→ **Record set**:

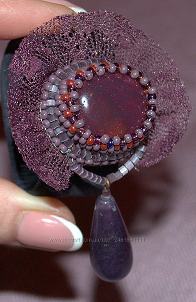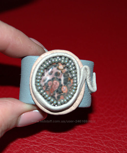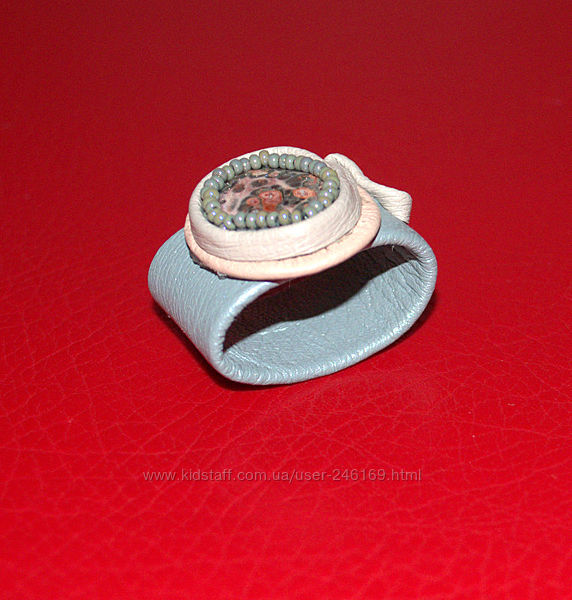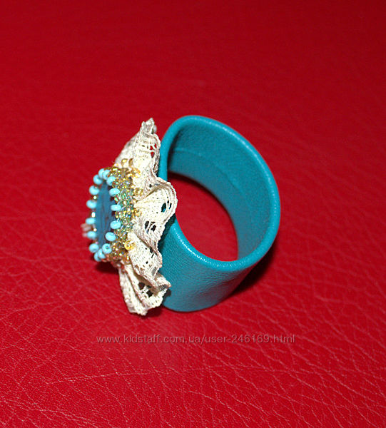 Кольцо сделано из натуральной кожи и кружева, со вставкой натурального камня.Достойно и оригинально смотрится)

* * *

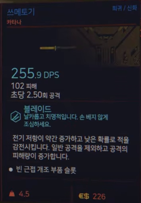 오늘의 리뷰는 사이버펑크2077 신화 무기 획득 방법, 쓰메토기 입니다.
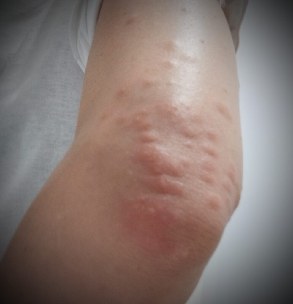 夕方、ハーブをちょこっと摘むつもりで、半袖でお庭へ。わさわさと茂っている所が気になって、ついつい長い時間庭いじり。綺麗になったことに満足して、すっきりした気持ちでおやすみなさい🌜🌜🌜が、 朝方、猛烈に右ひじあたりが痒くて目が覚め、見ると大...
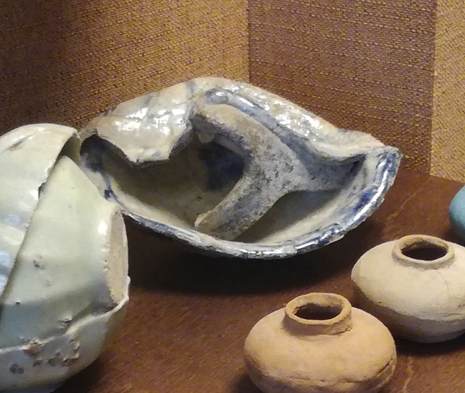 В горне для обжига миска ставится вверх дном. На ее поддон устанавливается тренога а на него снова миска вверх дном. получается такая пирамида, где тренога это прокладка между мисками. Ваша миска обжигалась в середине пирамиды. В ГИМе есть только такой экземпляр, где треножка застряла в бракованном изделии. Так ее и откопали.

→ **About this task**:
In the data above, the stretch from the line with "夕方、ハーブをちょこっと摘む" through the line with "В горне для" is to be returned exactly, minus any pictures.

→ **Solution to this exercise**:
 夕方、ハーブをちょこっと摘むつもりで、半袖でお庭へ。わさわさと茂っている所が気になって、ついつい長い時間庭いじり。綺麗になったことに満足して、すっきりした気持ちでおやすみなさい🌜🌜🌜が、 朝方、猛烈に右ひじあたりが痒くて目が覚め、見ると大...
 В горне для обжига миска ставится вверх дном. На ее поддон устанавливается тренога а на него снова миска вверх дном. получается такая пирамида, где тренога это прокладка между мисками. Ваша миска обжигалась в середине пирамиды. В ГИМе есть только такой экземпляр, где треножка застряла в бракованном изделии. Так ее и откопали.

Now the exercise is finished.